Will Conor McGregor Leave the UFC for Good in 2018?

Conor McGregor will not be fighting at this year’s end of year spectacular at UFC 219 and his future has never looked as uncertain

These are certainly troubling times for fans of the UFC lightweight champion and global superstar.

Perhaps the most pertinent indication of McGregor’s mindset came prior to last week’s antics at Bellator 187 when “The Notorious” jumped the fence of the cage and was involved in an altercation with referee Marc Goddard which led to him also slapping a Bellator official.

McGregor spoke of how hard it was for him to get ‘excited’ on the prospect of a bout with Tony Ferguson, given the fact that he had earned an approximate $100 million from his Aug. 26 bout with Floyd Mayweather Jr. The Irishman compared (although the figures were never confirmed) pay-per-view buys in that fight against what he would potentially garner against Ferguson:

“We’re in negotiation stage right now. That’s a lengthy process,” McGregor told the BBC (via MMA Weekly). “They’ve got to make me excited about it. I came from a crazy event, a record-breaking event, the billion dollar fight it was labeled. I made insane money. Then the opponents they’re trying to line up for me, an opponent [Tony Ferguson] with a $600,000 gate in Las Vegas.

“A $600,000 gate in Las Vegas is unheard of, it’s abysmal. So it’s hard to get excited about that. 100,000 pay-per-view buys compared to my 6.5 million pay-per-view buys.”

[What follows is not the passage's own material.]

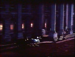 屋外の暗がりの中、やたらと高い列柱の前に馬車が止まります。 | |||||||||||||||||||||||||||||

Not long after, the aforementioned incident with Goddard ruled him out of what many had expected to be his first title defense in the UFC against interim champion Tony Ferguson. Mike Mazzulli, the president of the Association of Boxing Commissions, told Ariel Helwani that the UFC personally told him of McGregor’s punishment on Monday’s episode of the MMA Hour:

“The bottom line is that he [McGregor] was unprofessional, disrespectful and it was not acceptable in my eyes in any situation. I don’t care if it was anyone else jumping in the cage, we don’t do that as a professional. McGregor is not bigger than MMA. I had executives from the UFC contact me within two hours after what occurred.”

Mazzuli claimed that the UFC pulled McGregor from the UFC 219 as a result of his actions:

“They basically said to me that it’s completely unacceptable in their eyes, and they will be doing something. They did inform me that he was set to be on the December 30th card, and he will not be on it.”

McGregor’s head-caoch, John Kavanagh, reportedly told MMA journalist Farah Hannoun that his pupil would not return to the UFC until April to mid-2018 at the earliest:

https://twitter.com/Farah_Hannoun/status/930699208277090306?ref_src=twsrc%5Etfw&ref_url=http%3A%2F%2F

So where does this leave McGregor? Having held the UFC lightweight title for over a year while he awaited the birth of his first child and took on boxing legend Floyd Mayweather Jr., he is still yet to defend that title. How much longer can the UFC allow a division to be held up on account of a fighter’s reluctance to defend until he is given a better deal? The 29-year-old has publicly stated that he wants a stake in the promotion and appears to be holding out until he gets what he wants.

McGregor is certainly not short on options and also has the opportunity to engage in at least a few boxing matches should he play hardball with the promotion. When boxers begin frequently calling out the Dubliner (despite his claims that he was returning to MMA) for potential bouts, it appears that someone may know more than they are letting on behind the scenes.

Things got even weirder this week when boxing icon and Olympic gold-medalist, Oscar De La Hoya announced that he was ‘secretly training’ for a bout with the Irishman:

“You know I’m competitive,” De La Hoya said, speaking on DashRadio (h/t The Mac Life). “You know I still have it in me. I’ve been secretly training. Secretly training. I’m faster than ever and stronger than ever. I know I could take out Conor McGregor in two rounds. I’ll come back for that fight. Two rounds.

“Just one more. I’m calling him out. Two rounds. That’s all I need. That’s all I’m going to say.”

De La Hoya dismissed any suggestion that he would fight McGregor inside the octagon:

“He’s a big Irishman,” De La Hoya said. “He’s the king. He’s the king. Hey, let’s get it straight: in the cage, he would freakin’ destroy me. He would destroy me!

“No, [we have to fight] in the ring.”

McGregor may have something up his sleeve and it would not surprise many to see him head towards another bout inside the squared circle. If that is the case, we may have seen the last of Conor McGregor in the UFC, or at very least, the last of hiim as a UFC lightweight champion.